I have been in sales in one form or another since I was 13 years old. In a tale that I’m pretty sure has been told here or somewhere else, Jack and I ran a mail order BMX shop out of our mother’s home for much, much longer than anybody had a right to—especially when those two someones are 19 and 13, respectively. It’s one of those things that made a lot of sense at the time, but seems downright impossible now that it actually happened.
Our mom would answer our home phone with the name of our shop when I was in school, write down whatever somebody requested, and then she would send a page to my Motorola Gold Flex with the details of the order. I would come home and then call the various distributor networks and place the order. Somehow, none of our customers thought this was weird. And we actually even made a little money!

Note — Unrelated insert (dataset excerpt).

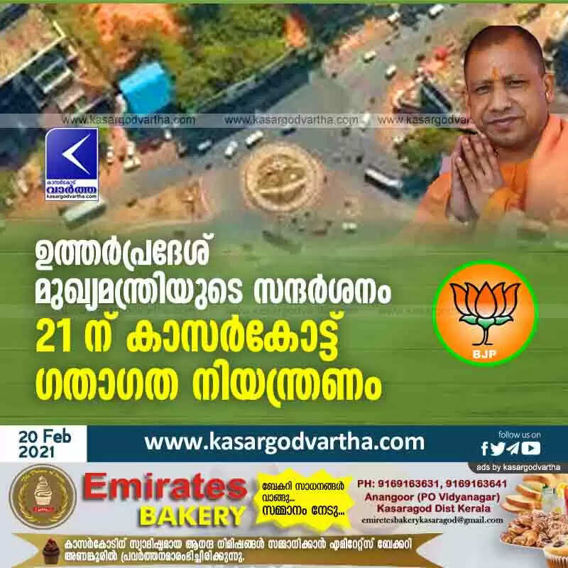 ഉത്തർപ്രദേശ് മുഖ്യമന്ത്രിയുടെ സന്ദർശനം; 21 ന് കാസർകോട്ട് ഗതാഗത നിയന്ത്രണം

Unfortunately, we had made an arrangement with a local bike shop to share some of the financial burden, and the owner was an unscrupulous Brooklynite who had somehow made it to Hilliard, Ohio. I don’t remember exactly all of what happened, but the long and the short of it was that our partnership was discontinued, and thus, so was our mail order shop.
That small taste of money and the thrill of the hunt led me to working at a musical instrument store after school in high school, and then another one when I was in college. I’ve been in some form of a sales role ever since, whether it was in front line sales, sales management, sales coaching and training, sales leadership, leading a national sales force, and now, as the VP of Sales for the largest privately held media company in the world.